Krause v. Glassman, Unpublished Decision (11-10-2005)

JOURNAL ENTRY and OPINION {¶ 1} Plaintiff Amelia Krause brought this negligence action against defendant Marc Glassman, Inc. ("Marc's") seeking damages for injuries she suffered after slipping and falling in a four-foot long "puddle" of red sauce that accumulated on the floor of a Marc's store. The court granted summary judgment to Marc's finding that Marc's presented evidence that it had no notice of any hazard in the store, and that Krause presented no facts to create an issue of material fact as to whether Marc's did have notice of a hazard.

This appeal contests that judgment.

{¶ 2} Civ.R. 56(C) permits the court to enter summary judgment when (1) no genuine issues as to any material fact remain to be litigated, (2) the moving party is entitled to judgment as a matter of law, and (3) it appears from the evidence that reasonable minds can come to but one conclusion and viewing such evidence most strongly in favor of the party against whom the motion for summary judgment is made, that conclusion is adverse to that party. When reviewing a motion for summary judgment, we are required to view the facts in a light most favorable to the non-moving party. Id.

{¶ 3} To make out an actionable claim of negligence under the facts of this case, Krause must show:

{¶ 4} "1. That the defendant through its officers or employees was responsible for the hazard complained of; or

{¶ 5} "2. That at least one of such persons had actual knowledge of the hazard and neglected to give adequate notice of its presence or remove it promptly; or

{¶ 6} "3. That such danger had existed for a sufficient length of time reasonably to justify the inference that the failure to warn against it or remove it was attributable to a want of ordinary care." Johnson v.Wagner Provision Co. (1943), 141 Ohio St. 584, 589.

{¶ 7} Krause did not establish the first or second elements of theJohnson test — that is, she offered no evidence to show that Marc's caused the spill or that it had notice of the spill and failed to give its customers notice of its presence. Krause speculated that Marc's must have known of the spill since there was no glass on the floor near the puddle.
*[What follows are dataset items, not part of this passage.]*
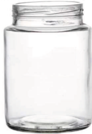
750 ML Salsa Jar

Height : 114 MM Cap : 63 MM Lug Cap Packing : 48 Pcs.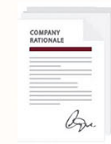
Letter introducing the Company - Business Plan -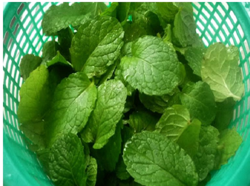
Fig 1.14 Fresh Mint Leaves or Pudina

Fresh Mint Leaves or Pudina : Although there are many varieties, the common, round-leaved mint or peppermint leaf is the one most often used in cooking. It adds flavor to many curries, and mint chutney is a favorite accompaniment to kebabs and a great dipping sauce for snacks.

She took the absence of broken glass on the floor to mean that someone from Marc's had cleaned up the glass from a broken jar, but left the sauce on the floor without warning to the customers.

{¶ 8} Krause's theory is conjecture of a kind which is inappropriate to send to a jury. See Renfroe v. Ashley (1958), 167 Ohio St. 472, 475. While the non-moving party to a summary judgment motion is entitled to all reasonable inferences, an inference can only be made if it is based on established facts. Hurt v. Rogers Transp. Co. (1955), 164 Ohio St. 329,332. Krause's argument about broken glass presupposes that the sauce came from a broken glass jar. There are no facts to show where the sauce came from, so no inference can be made about the lack of glass in the aisle.
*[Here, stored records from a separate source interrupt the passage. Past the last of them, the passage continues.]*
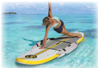
AHSUP-A006 SUP TRAINING WHEELS $49.99 Retail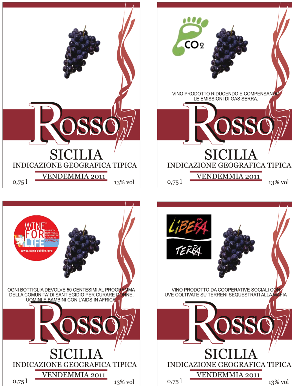
Fig. 1. Labels used in the experimental auctions.

half the session, all bidders would generally be more engaged. We made it clear to the subjects that only one round and one product would be binding, to avoid demand reductions and wealth effects (Shogren et al., 1994). All data were analyzed with STATA statistical software (version 11.0).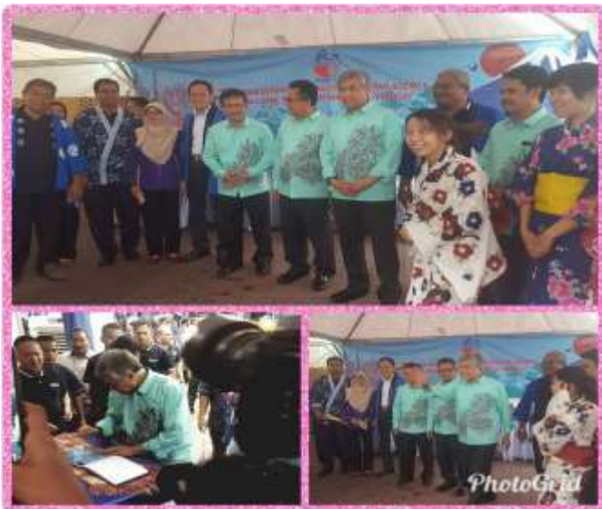
Deputy Prime Minister visiting myJICA booth

Through JCD, the local community has a better understanding and had experience themselves on Japanese culture which gives positive impact to JICA and Myjica. This could strengthen the relationship between Japan and Malaysia.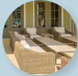
Outdoor living room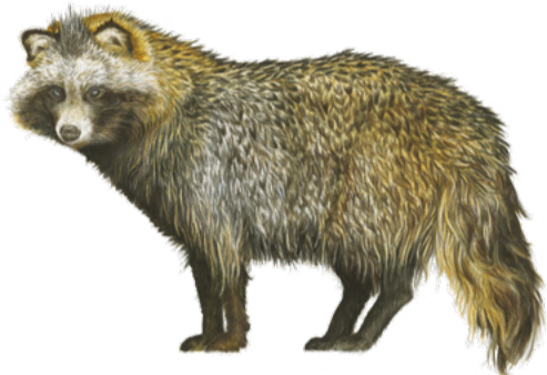
Raccoon dog Nyctereutes procyonoides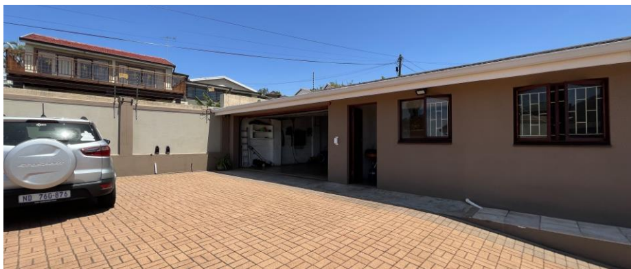
(Authors Picture) FRONT VIEW OF GARAGE

{¶ 9} The remaining question is whether the spill had been on the floor of the store for a sufficient length of time to justify an inference that it remained there through Marc's negligence. Presley v.Norwood (1973), 36 Ohio St.2d 29, 32. Again, Krause presented no evidence from which an inference could be made. During her deposition, Krause admitted that she had no idea how long the sauce had been on the floor at the time she slipped and fell in it. Moreover, Krause presented no evidence that the substance had become sticky, dried or hardened in a manner that would suggest it had been left on the ground for a length of time. Contrast Smith v. Regal Cinemas, Inc., Cuyahoga App. No. 85871, 2005-Ohio-4703 (although plaintiff could not identify the substance that caused her fall, she testified the substance was sticky, thus creating inference that it had been on the floor for a period of time). In short, there is no evidence that Marc's knew or should have known about the spill.
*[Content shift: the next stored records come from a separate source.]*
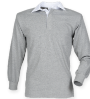
HEATHER GREY/ WHITE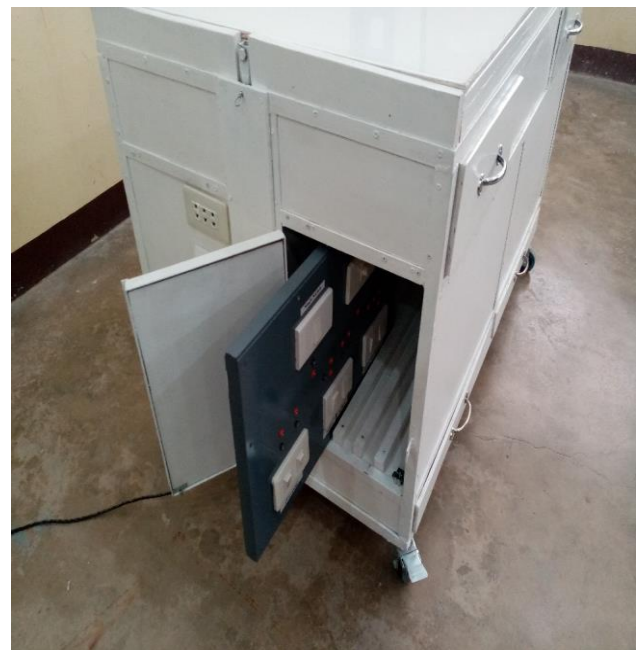
Fig. 11. Inserting the trainer set inserted in its storage area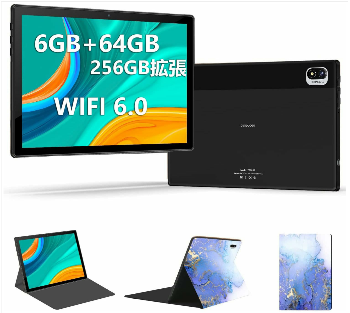
Image: DUODUOGO S2 Tablet and included accessories.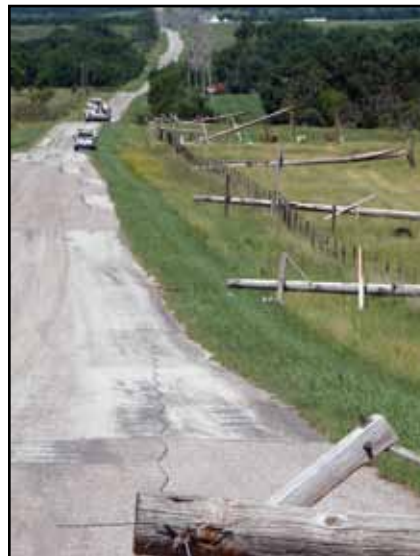
By re-routing power, Caney Valley linemen quickly restored power to its members following the June 27 storm.

The cooperative lost 22 poles on the 69KV transmission line running west of Cedar Vale. This line also contained a three-phase distribution underbuild that went down. In addition, the cooperative lost 10 three-phase distribution poles and experienced several other smaller storm-related problems. Early damage assessments

{¶ 10} Krause's failure to present evidence showing Marc's knowledge of the spill meant that the court did not err by granting summary judgment. The assignment of error is overruled.

Judgment affirmed.

It is ordered that appellee recover of appellant its costs herein taxed.

The court finds there were reasonable grounds for this appeal. It is ordered that a special mandate issue out of this court directing the Common Pleas Court to carry this judgment into execution.

A certified copy of this entry shall constitute the mandate pursuant to Rule 27 of the Rules of Appellate Procedure.

Blackmon, A.J., and Rocco, J., Concur.